You see at that point on my thought process the FedEx guy delivered my new phone. If I haven't shared it yet, I finally purchased my Black and White (pronounced 'Panda') Google Pixel 2 XL. That starts the dominoes. I should back up a step first. I use my old Nexus 6 for an alarm clock. The battery was shot in it, but it had wireless charging so I could just lay it on my charging stand and it would get plenty of battery juice all night long without plugging any wires in. I use an app called Night Clock that displays the time but turns the screen brightness down to almost nothing. I then use Rocket Player to play a set of music (I call the playlist 'Sing Me To Sleep'), turn on the built in 1 hour sleep timer and nod off to snooze land. It's easy to set up and maintain the alarms, especially since I can just pick up the phone and tap away at it before setting it back down in it's cradle. The alarm wakes me up and it just works brilliantly. That is, until the wireless charging broke. For the past couple weeks I've had to plug the damned thing in every night.
Now that has nothing directly to do with my new Panda Phone, but part of the reason I was justifying the purchase of a new phone for the second year in a row was that my Mother would get my old phone. I could then sign her up to Project Fi as a group plan and save a few dozen bucks each month. That leaves her old Samsung Galaxy Note 5. It's roughly the same size of my Nexus 6 and has wireless charging that actually works. So my plan was to format my phone and set Mom's account up on it, then format her phone and set up my account on it and use it as my new Alarm Clock. That leaves my Nexus 6 out in the cold.
Out in the cold, in my car, serving as my replacement iPod. I had got a data sim for it last year on my Project Fi account, so it can even sync itself over a cellular signal and stream music over the open road! And did the wheels stop turning there? Nope. Not only can I use it as my music player, I can actually hook it up to Isabella as an Android Auto device. There were a couple good reasons I wasn't running my current Pixel as an Android Auto device. First and foremost was the music. I can't run the iPod as music inside of Android Auto. It wants to pull the music right from the Android device. The other reason was plugging the phone in. I didn't want to take the phone out of its slip case and plug it into the car each and every time I got in and out of the damned car. Sure, I wanted to use Google Maps instead of my navigation, and sure I wanted to use the Google Auto apps like Weather, and Waze, and NPR One, and so on, and so forth. It just wasn't worth the effort of plugging in the phone each time.

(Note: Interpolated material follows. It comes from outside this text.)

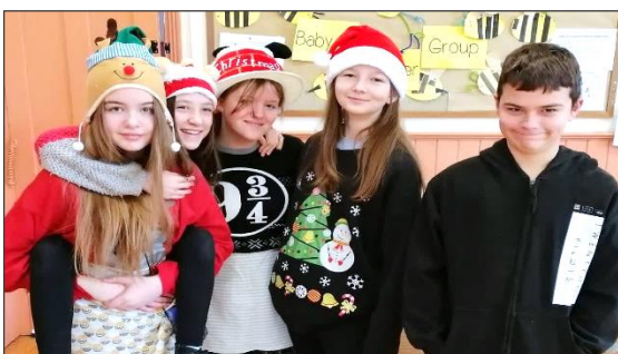
(Printed with permission)

Thank you to all those who supported us at our coffee morning. We raised £250 which will be divided between the Busia project and the Tweens fund.

But my Nexus 6 is the perfect answer. I can plug it in and just freaking leave it there! The battery isn't good for running a full day, but it can certainly stand by for several days in a row. Plus it gets power each and every time I drive. And so far as I know, I can still hook my phone up via bluetooth to get calls and messages while using Android Auto. At least i think I can... this will take an actual trial.
But the music solution will be freaking sweet!
While having dinner with my brother, I admitted that this might be one of those transitions for me. Music started out as the radio and a few random records (yes... I'm old enough to have owned big discs of vinyl!). My real music awakening was with cassets. Both owning them and making mix tapes for the car. Then came CDs and that sweet sweet 6 disc changer in the trunk. The iPod happened in late 2003 and for the most part I've been static ever since. Well... late 2017 or early 2018 might be the next big thing. Screw owning music, just pay the $10 for unlimited streaming and playlist making capabilities!